The second pattern covers both directions of the agent boundary. Pre-loading is paying context-assembly cost once at the orchestrator and embedding the result in each spawned sub-agent, instead of having every sub-agent rediscover or reread the same material. The cost of leaving that distribution unmanaged runs in three directions, each compounding with the number of agents involved.

Picture a coordinator that launches four parallel reviewers, each reviewing the same batch of source documents from a different angle. The naive setup gives each reviewer the file paths and lets it open the files itself. Four agents each independently read the same documents. The reads are redundant. They’re also not free: each one pays the file-open cost, the parse cost, the model’s attention cost, and (less obviously) the cost of the four agents’ contexts each holding their own slightly different version of the material at the moment they each happened to open it. Models don’t deterministically pick the same six files when asked, so the slight differences seed slight inconsistencies in what each sub-agent treats as ground truth. The pipeline does N times the orientation work and gets N slightly-different orientations for it.

Pre-loading inverts the pattern. The orchestrator pays the orientation cost once: it reads the files, runs the searches, fetches the doc, and composes a brief that captures what every sub-agent will need. Then it spawns the sub-agents and embeds the brief in each task spec. The sub-agents don’t orient. They start with the orientation already done, in identical form across all of them, and spend their context budget on the slice of work that is uniquely theirs. The savings aren’t just inference cost, though those matter. The deeper savings are in consistency: every sub-agent operates from the same composed context, so the work they return composes back into a coherent picture rather than N pictures with subtly different foundations.

The shape that has worked best is a small, dense brief: the names of the systems involved, the version of any external dependency in scope, the conventions the work must respect, the current state of any in-flight decisions the sub-agents need to honor.
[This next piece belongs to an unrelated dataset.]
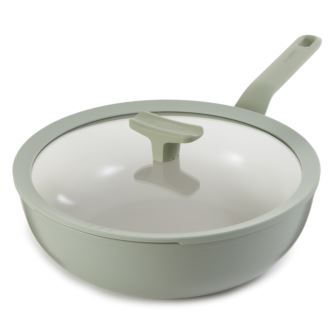 BergHoff - Leo Balance Ceramic Wok Pan 11", 4.4qt. With Glass Lid, Recycled Aluminum, Sage
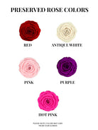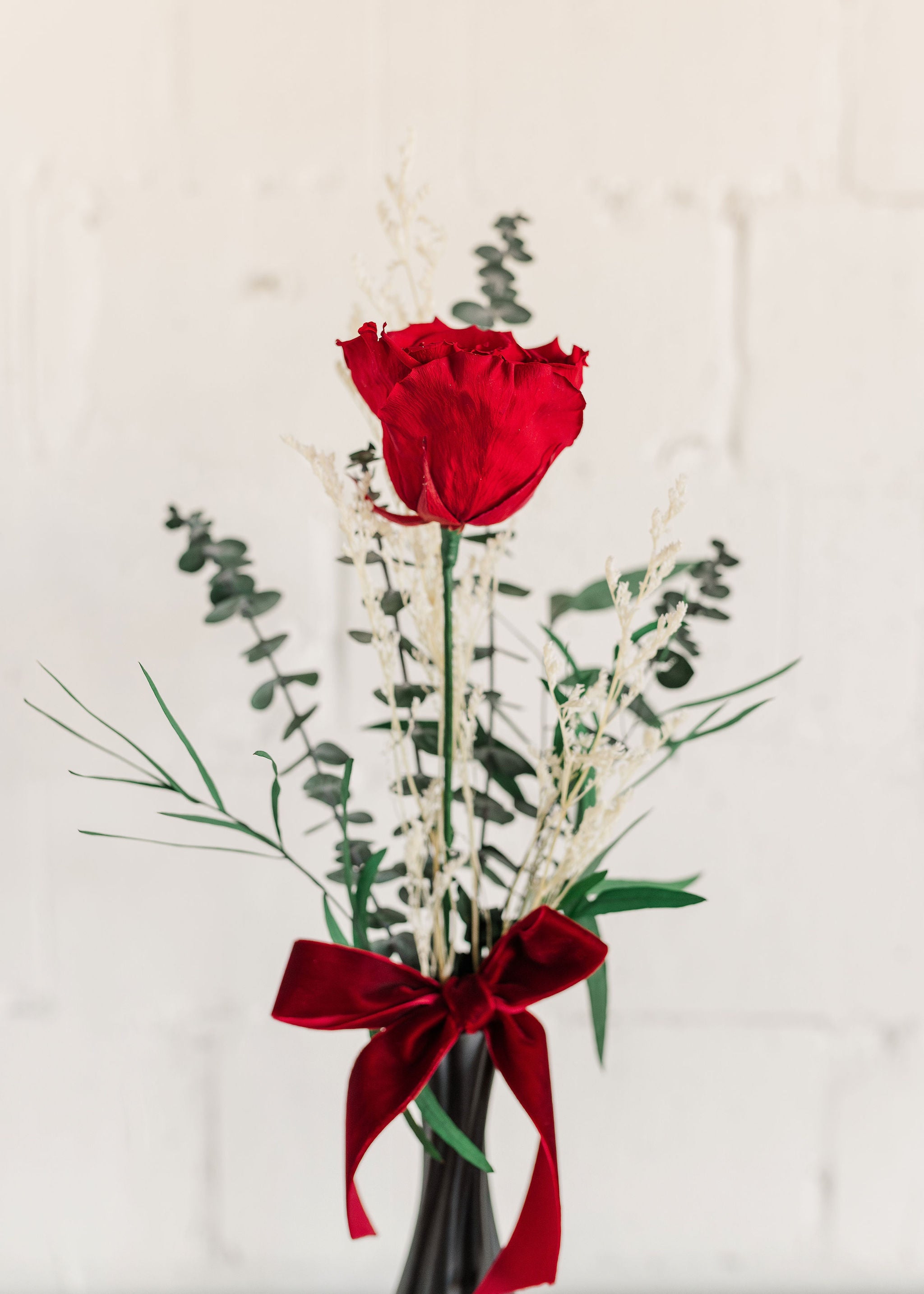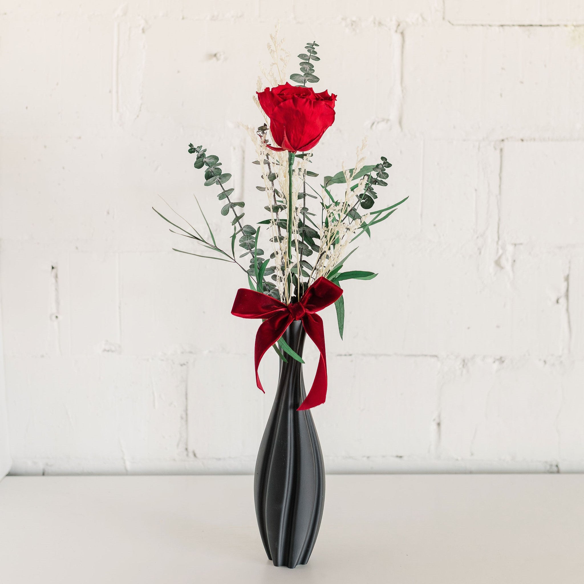 One preserved real rose arranged with preserved eucalyptus and baby's breath. This budvase has a beautiful real rose with complimentary foliage and filler. Comes in a black vase with a complimentary bow.

Three or four short paragraphs. Sometimes a precedence list. Almost never a transcript of how the orchestrator arrived at the brief. The brief is the cleaned-up output of the orchestrator’s orientation, not its scratchpad.

The wrinkle is the threshold. Pre-loading is correct only when the cost of duplicating the material into every spawn prompt is less than the cost of the agents reading independently. Past a certain size of source material, the duplication cost takes over: four agents each receiving a hundred kilobytes of pre-loaded content in their spawn prompt is more total context than four agents reading the same material themselves and discarding it after the relevant extract. The shape of the rule is a threshold: pre-load when total source content fits under some upper bound, let agents read independently when it doesn’t. The exact threshold is a calibration. The structure of the decision is the durable thing: a measurable property of the material drives an explicit, revisable choice about whether to pre-load.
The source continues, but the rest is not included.